Ela olhou para mim, espantada.
— Hã?
— Quero saber mais sobre os MacQuinn, suas crenças, seu
folclore, suas tradições.
Quero me tornar uma de vocês, quase implorei. Me ensine.
Graças a Cartier e seus ensinamentos na Casa Magnalia, eu já
possuía conhecimento teórico sobre a Casa MacQuinn. Conhecia a
parte da história que podia ser lida em volumes velhos e
empoeirados. A Casa recebeu a bênção do Determinado, seu
brasão era um falcão, as cores eram lavanda e dourado, e o povo
era respeitado como os tecelões mais habilidosos do reino. Mas o
que me faltava era o conhecimento do povo, as normas sociais dos
MacQuinn. Como eram os cortejos? Os casamentos? Os funerais?
Que tipo de comida serviam em festas de aniversário? Será que
tinham superstições? Como era a etiqueta?
— Não sei se sou a melhor pessoa para ensinar essas coisas —
respondeu Neeve, mas vi o quanto ela gostou de meu pedido.

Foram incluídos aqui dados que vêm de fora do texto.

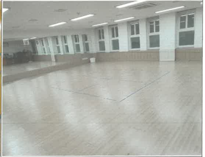
3층 소체육관 나무 바닥 틈 벌어짐 조정 보수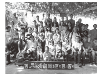
甲府方面へバスハイク

LTCの活動に参加してくださるボランティアの方がいらっしゃいましたら、ぜひご連絡を!また、LTCで日本語を話したい学習者の方もどうぞいらしてください。興味のあるかたはLTCの山形まで。yamamiho@zg7.so-net.ne.jp (文責:LTC友の会 山形)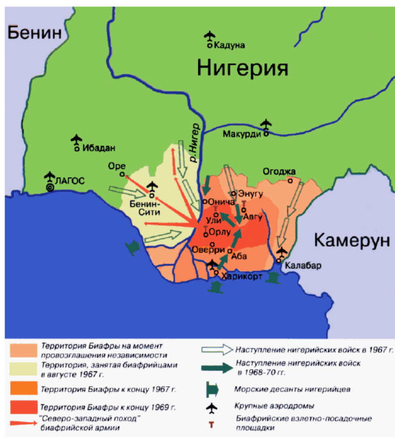
Рис. 4. Боевые действия во время гражданской войны в Нигерии (Жирохов 2002).

Руководство Биафры проводило параллели между борьбой игбо за независимость от Нигерии с борьбой за выживание государства Израиль 13 : чтобы не только сплотить разнородное полиэтничное население, но и оказать воздействие на мировое сообщество. На стороне Биафры, гласно или негласно, были Франция 14 , Португалия, ЮАР, КНР, Израиль.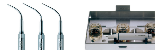
Swiss Instruments A, P, PS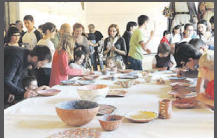
El "Va d'Art" celebrava enguany la seva vuitena edició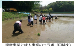
児童事業と成人事業のコラボ（田植え）

— Que tal você me contar uma das suas tradições preferidas
dos MacQuinn? — sugeri.
Neeve ficou calada por um instante, até que um sorriso se abriu
em seus lábios.
— Você sabia que, se decidirmos nos casar com alguém de fora
da Casa MacQuinn, temos que escolher a pessoa com uma fita?
Fiquei intrigada na mesma hora.
— Uma fita?
— Talvez seja melhor dizer que a fita é que escolhe por nós —
disse Neeve. — É um teste, para que possamos determinar quem
fora da nossa Casa é digno.
Recostei-me na cadeira, à espera de mais.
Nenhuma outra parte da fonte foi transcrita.